13

80 14 4
                                    

Sesuai dengan kesepakatan mereka saat di kantin sekolah, mereka akan ke rumah Ayres lebih dulu.

Mengingat hari ini, tepatnya jam delapan malam nanti adalah puncak pesta kejutan untuk Mamanya Tara, jadilah mereka bersepakat untuk berkumpul dulu di rumah Ayres. Tara pun akan datang ke sana. Katanya, ia ingin melihat kue seperti apa yang akan Ayres buat untuk sang Mama.

Dirga menuruni anak tangga dengan langkah pelan, dan saat itulah, ia berhadapan langsung dengan Ivana.

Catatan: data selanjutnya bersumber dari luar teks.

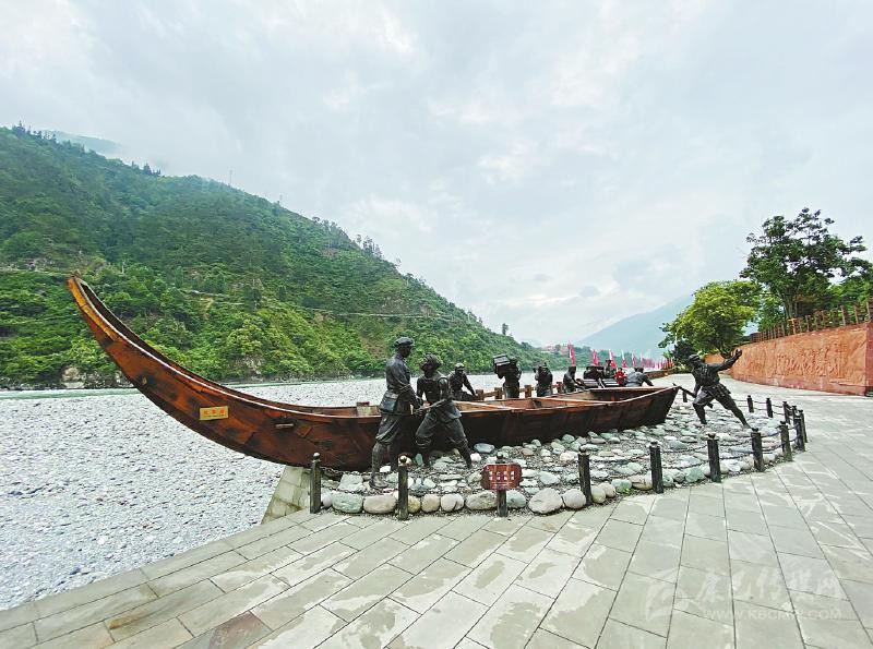 不遠(yuǎn)處的安順場渡口、大渡河邊,矗立著一座“紅軍渡”石碑,上面的三個鮮紅大字由渡河時任第一軍團(tuán)第一師一團(tuán)團(tuán)長楊得志題寫。石碑旁陳列著的一艘長10.5米、寬2.3米、高2.2米的“紅軍船”,正是當(dāng)年紅軍強(qiáng)渡大渡河時使用的翹首木船復(fù)制品。木船旁,是戰(zhàn)士和當(dāng)?shù)卮兿蚰敬\(yùn)送武器裝備的雕像,斜坡上,勇士隊伍正奔向渡口。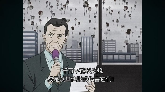 对于整部剧集来说,第一个能让人印象深刻的故事,大约是第三集《人头气球》了。这是个长度适中的短篇,描写天空中莫名漂浮着巨大的人头气球,威胁着普通人的生命。故事不断通过主人公现在的恐惧状态和回忆做穿插,虽然短小,结构还是做了一些有变化的处理——相对来说有的短篇更缺乏完整的线索变化,只是有悬念,然后在“吓人”的氛围中就很快结束了。动画特意选择以4:3的画面和质感来塑造新闻报导的感觉,强化了整个世界越来越被“人头气球”占据的诡异氛围。
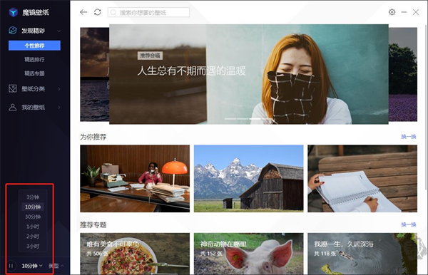 2、此時(shí)會(huì)顯示時(shí)間和類型,切換時(shí)間可更改范圍為:3分鐘、10分鐘、30分鐘、1小時(shí)、2小時(shí)、3小時(shí)。壁紙類型可更改范圍為:我收藏的壁紙、為我推薦。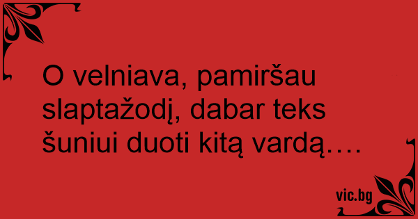 O velniava, pamiršau slaptažodį, dabar teks šuniui duoti kitą vardą….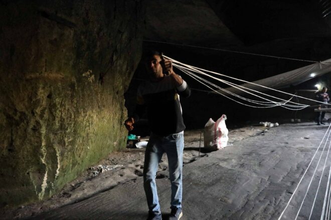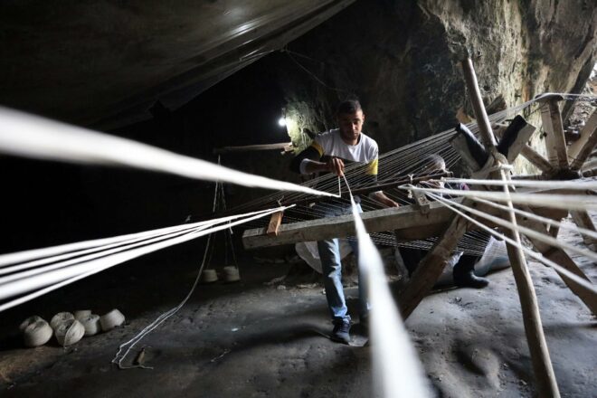 Kılınçoğlu Mahallesi'ndeki mağaralarda çalışan ustalar, fabrikalardan temin ettikleri atık ipliklerle mağaranın nemli ortamında, el yapımı tezgahlarda kendir üretiyor.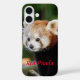 Red Panda on a snowy log cell phone case. You'll love this cell phone case with an adorable photo of a Red Panda sitting on a snowy log. The words Red Panda are printed in red. Too cute!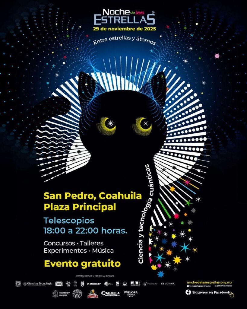 San Pedro, Coahuila.- La Noche de las Estrellas es el evento de divulgación científica más grande e importante en Latinoamérica. Es totalmente gratuito y reúne al público para observar el cielo y conocer más sobre la ciencia, la tecnología y el Universo a través de un gran número de actividades.

Mamanya itu nampak dingin saat menatap Dirga. Tak ada sorot kasih sayang dikedua mata tajamnya. Yang ada, serpihan rasa benci itu makin lama makin menyesakkan dada Dirga.

Tak ada kata-kata yang Mamanya ucapkan. Namun Dirga merasa sangat kesakitan akibat diabaikan selama hampir empat tahun ini. Mamanya semakin jauh dari jangkauannya.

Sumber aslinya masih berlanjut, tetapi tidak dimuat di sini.